2 Chronicles 8:1
Solomon’s City-Building, Statute Labour, Arrangement of Public Worship, and Nautical Undertakings - 2 Chronicles 8
The building of the temple was the most important work of Solomon’s reign, as compared with which all the other undertakings of the king fall into the background; and these are consequently only summarily enumerated both in the book of Kings and in the Chronicle. In our chapter, in the first place, we have, (a) the building or completion of various cities, which were of importance partly as strongholds, partly as magazines, for the maintenance of the army necessary for the defence of the kingdom against hostile attacks (2Ch 8:1-6); (b) the arrangement of the statute labour for the execution of all his building works (2Ch 8:7-11); (c) the regulation of the sacrificial service and the public worship (2Ch 8:12-16); and (d) the voyage to Ophir (2Ch 8:17, 2Ch 8:18).
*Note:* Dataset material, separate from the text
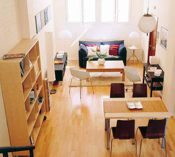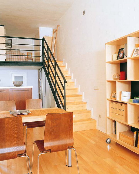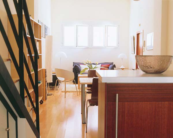 Căn hộ hẹp dài, có hình dáng góc cạnh được thiết kế bao gồm: phòng khách, phòng ăn, bếp, 1 phòng tắm ở tầng trệt và một phòng ngủ ở gác lửng. Nhờ mở rộng diện tích gác lửng dành cho phòng ngủ kín đáo nên các không gian chức năng cũng được bài trí rộng rãi hơn. Điều chú trọng duy nhất là hình dáng hẹp dài của căn hộ đòi hỏi phải có cách thức sắp xếp, bố trí hợp lý, khoa học để không làm mất đi sự tiện nghi, thoải mái.

All these undertakings are recounted in the same order and in the same aphoristic way in 1 Kings 9:10-28, but with the addition of various notes, which are not found in our narrative; while the Chronicle, again, mentions several not unimportant though subordinate circumstances, which are not found in the book of Kings; whence it is clear that in the two narratives we have merely short and mutually supplementary extracts from a more elaborate description of these matters. 2Ch 8:1 The city-building. - 2Ch 8:1. The date, “at the end of twenty years, when Solomon ... had built,” agrees with that in 1Ki 9:10. The twenty years are to be reckoned from the commencement of the building of the temple, for he had spent seven years in the building of the temple, and thirteen years in that of his palace (1Ki 6:38; 1Ki 7:1).